Technical Highlights

  1. Core Components:

    • The Chunker trait schedules and processes data chunks, leveraging Action Scheduler for asynchronous execution.
    • The Sync class serves as an abstract base that manages the entire synchronization process lifecycle.
    • The Sync_Data trait provides reliable synchronization data storage using WordPress's transients, enabling flexible data sharing and locking mechanisms.
  2. Focus on Memory Efficiency:

    • Uses iterative processing (e.g., PHP Generators, chunk-based file reading) to minimize memory usage and ensure scalability for large datasets.
  3. Modular Design:

    • The clean separation of concerns allows developers to modify or extend specific aspects like chunk processing or API fetching independently.
  4. Action Scheduler Integration:

    • Uses the Action Scheduler's event-driven architecture to manage background tasks effectively, along with group-level synchronization to maintain context-aware processing.

Available Lifecycle Hooks

The library provides several WordPress action hooks that fire during the synchronization lifecycle, allowing developers to hook into different stages of the sync process:

  • {sync_name}/start: Fires when any Action Scheduler action belonging to the sync begins execution (both dispatcher/root actions and chunk processing actions). Receives ActionScheduler_Action $action and int $action_id as parameters.
  • {sync_name}/process_chunk: Fires to process an individual chunk. Receives int $chunk_id as parameter.
  • {sync_name}/complete: Fires when all actions in the sync group have completed successfully. Receives string $sync_group_name as parameter.
  • {sync_name}/fail: Fires when an action fails with an exception. Receives ActionScheduler_Action $action, Exception $e, and int $action_id as parameters.
  • {sync_name}/timeout: Fires when an action times out. Receives ActionScheduler_Action $action and int $action_id as parameters.
  • {sync_name}/cancel: Fires when an action is canceled. Receives ActionScheduler_Action $action and int $action_id as parameters.
  • {sync_name}/delete: Fires when an action is deleted. Receives Chunk $chunk as parameter.

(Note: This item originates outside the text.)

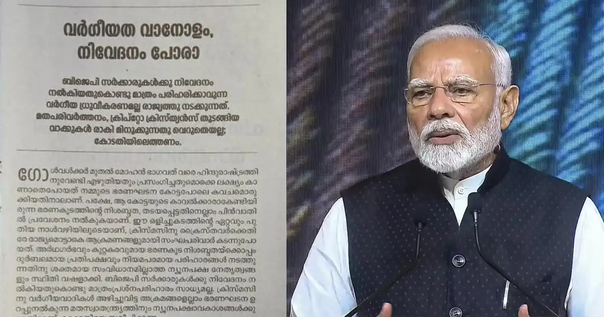 ആ കോട്ടയുടെ കാവൽക്കാർ ആകേണ്ടിയിരുന്ന ഭരണകൂടത്തിന്റെ നിശബ്ദതയാണ് നടക്കുന്നത്. പുറത്ത് ക്രിസ്തുമസ് അലങ്കോലമാക്കുമ്പോൾ പ്രധാനമന്ത്രി പള്ളിക്കുള്ളിൽ പ്രാർത്ഥനയിൽ പങ്കെടുക്കുന്നു. ഇതെല്ലാം രാജ്യത്തെ പൗരന്മാരെ കാണിക്കാൻ അല്ല. മറ്റു രാജ്യങ്ങളെ കാണിക്കാൻ ആണ്. അല്ലെങ്കിൽ ആക്രമണങ്ങളെ അപലപിക്കുകയോ നടപടി സ്വീകരിക്കുകയോ ചെയ്യുമായിരുന്നു. സംഘപരിവാർ ആക്രമണങ്ങളേക്കാൾ ന്യൂനപക്ഷങ്ങളെ ഭയപ്പെടുത്തുന്നത് ഈ നിശബ്ദതയാണെന്നും മുഖപ്രസംഗം വിമർശിക്കുന്നു.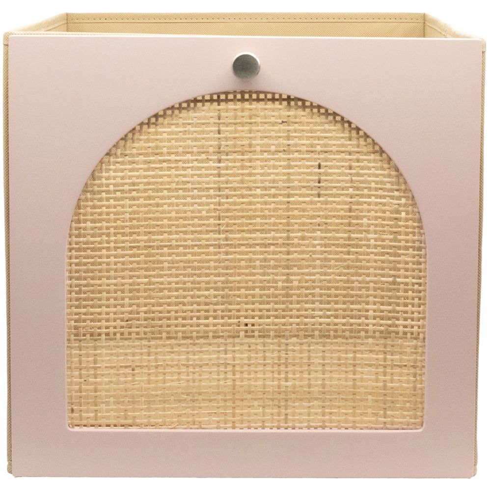 Homebase Timber Fronted Dusky Pink Rattan Cube Storage Insert 2 Pack

These hooks enable custom implementations for metrics tracking, logging, notifications, or other side effects at different stages of the synchronization process.

Ideal For

This library is an excellent choice for WordPress developers and enterprises dealing with:

  • High-volume data integration from various sources.
  • Automating repetitive and resource-intensive synchronization tasks.
  • Optimizing workflows for applications that rely on large datasets or slow APIs.
  • Frequent e-commerce product imports

AS Processor combines the power of modern WordPress development practices, Action Scheduler's asynchronous processing capabilities, and a highly abstracted framework to enable seamless and fault-tolerant data processing at scale. It offers developers a solid foundation for building efficient, scalable synchronization solutions tailored to their applications' unique requirements.

Sync Lifecycle Hooks

The Sync class provides a comprehensive set of lifecycle hooks that allow you to monitor and respond to various stages of the synchronization process. These hooks are namespaced by your sync name (as returned by get_sync_name()).

Available Hooks

{sync_name}/start

When: Fired when an action begins execution
Parameters: None (triggered via track_action_start)
Use case: Log the start of processing, set up temporary resources, or track progress

{sync_name}/complete

When: Fired for each sync-owned action upon successful completion (triggered by Action Scheduler's native action_scheduler_completed_action hook)
Parameters:

  • ActionScheduler_Action $action - The completed action object
  • int $action_id - The ID of the action

Use case: Track individual action completions, update progress indicators, or perform per-action cleanup

Note: This hook fires every time an action in your sync group completes. If your sync schedules 100 chunks, this hook will fire 100 times. Use this for per-action tracking, not for final completion logic (use /finish for that).

{sync_name}/finish

When: Fired once when all actions in the sync group are complete
Parameters:

  • string $group_name - The sync group name

Use case: Final cleanup, send completion notifications, or trigger dependent processes

{sync_name}/fail

When: Fired when an action encounters an exception during execution
Parameters:

  • ActionScheduler_Action $action - The failed action object
  • Exception $e - The exception that was thrown
  • int $action_id - The ID of the failed action

Use case: Error logging, send failure notifications, or trigger recovery processes

{sync_name}/cancel

When: Fired when an action is manually cancelled
Parameters:

  • ActionScheduler_Action $action - The cancelled action object
  • int $action_id - The ID of the cancelled action

Use case: Clean up resources, log cancellation events

{sync_name}/delete

When: Fired when an action is deleted
Parameters:

  • Chunk $chunk - The chunk belonging to the deleted action

Use case: Track deleted actions, clean up resources, log deletion events

{sync_name}/timeout

When: Fired when an action times out
Parameters:

  • ActionScheduler_Action $action - The timed-out action object
  • int $action_id - The ID of the timed-out action

Use case: Handle timeout scenarios, log timeout events, retry logic

Hook Usage Example

// Track progress for each completed action
add_action( 'my_custom_sync/complete', function( $action, $action_id ) {
    error_log( "Action $action_id completed. Belongs to group {$action->get_group()}." );
}, 10, 1 );

// Final cleanup when ALL actions are finished
add_action( 'my_custom_sync/finish', function( $group_name ) {
    error_log( "All actions in group $group_name are finished!" );
 } );

// Handle failures
add_action( 'my_custom_sync/fail', function( $action, $exception, $action_id ) {
    error_log( "Action $action_id failed: " . $exception->getMessage() );
}, 10, 3 );

// Handle deletions
add_action( 'my_custom_sync/delete', function( $chunk ) {
    error_log( "Action {$chunk->get_action_id()} was deleted." );
} );

Overridable Methods

Instead of using hooks, you can override these methods in your child class:

on_finish()

Called when all actions in the sync group are complete. This is the preferred method for implementing group completion logic.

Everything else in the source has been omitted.